もう何度となく通ったような近所の道を徘徊したり、あるいは、通ってはいたけれどもその先になにがあるかは見たことがない道を、延々とまっすぐに歩いていくのが好きだ。

いつもおなじみの自分が知っている道は、隣の駅の近くにあるあまりなじみのない道へと通じている。さらにその先には、どこに続いているのだかなんとなくしかわからないような高架道路との立体交差。

スピードが速い車やバイクならなにも思わずに過ぎ去っていくだろう景色も、歩きながらなら、自分のペースで楽しむことができる。

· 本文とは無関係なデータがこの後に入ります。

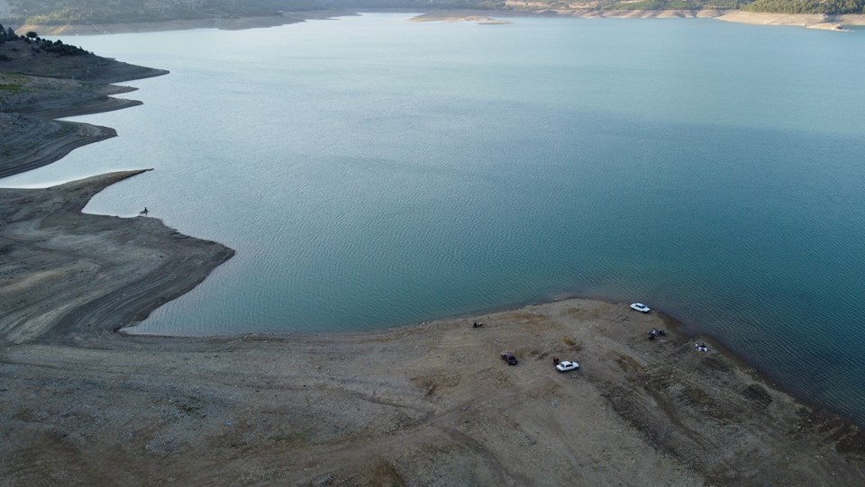 Kozan Barajı etrafında oluşan adacıklar havadan drone ile görüntülenirken, sıcak havadan bunalan vatandaşlar baraj kenarında oluşan adacıklarda aileleri ile birlikte serinledi.

家から徒歩数分のところにあるローソンも、 ここの通り沿いのローソンも、外観も内装もほとんど変わらない。近所の小さいローソンは駐車場が狭いけれど、このローソンは広くてトレーラー用の駐車スペースもある。その程度。でも背景が違う。その雰囲気の違いが、とても楽しい。たった1時間ほどしか歩かなくても、発見に出会える。

まだ幼稚園にも上がらないくらいの頃、祖父とよく散歩に行った。毎日、夕方の5時から6時ごろに町内を散歩するのが祖父の日課だった。

祖父は人間嫌いとまではいかないまでも、人見知りなのかひねくれ者なのか、嫁であるところの祖母とも息子であるところの父とも娘と孫であるところの叔母さん一家とも、ほとんど会話をしなかった。

それなのに、どういうわけか自分は可愛がられていて、毎日のように散歩に誘われた。

1時間も経たずに周れてしまう町内の住宅地は、違法駐車だらけの地帯でもあった。道路脇の車たちを見ながら、「あれはカローラ」とか、「あれはエスティマ」とか、「あれはよくわからんけどハンドルが左やから外車」とか言うことが楽しみだった。ただ、それが会話になることは少なかった。祖父はほとんど、ただ相槌を打つのみだった。自分も、車の名前を羅列する以外には、特になんの雑談もしなかった。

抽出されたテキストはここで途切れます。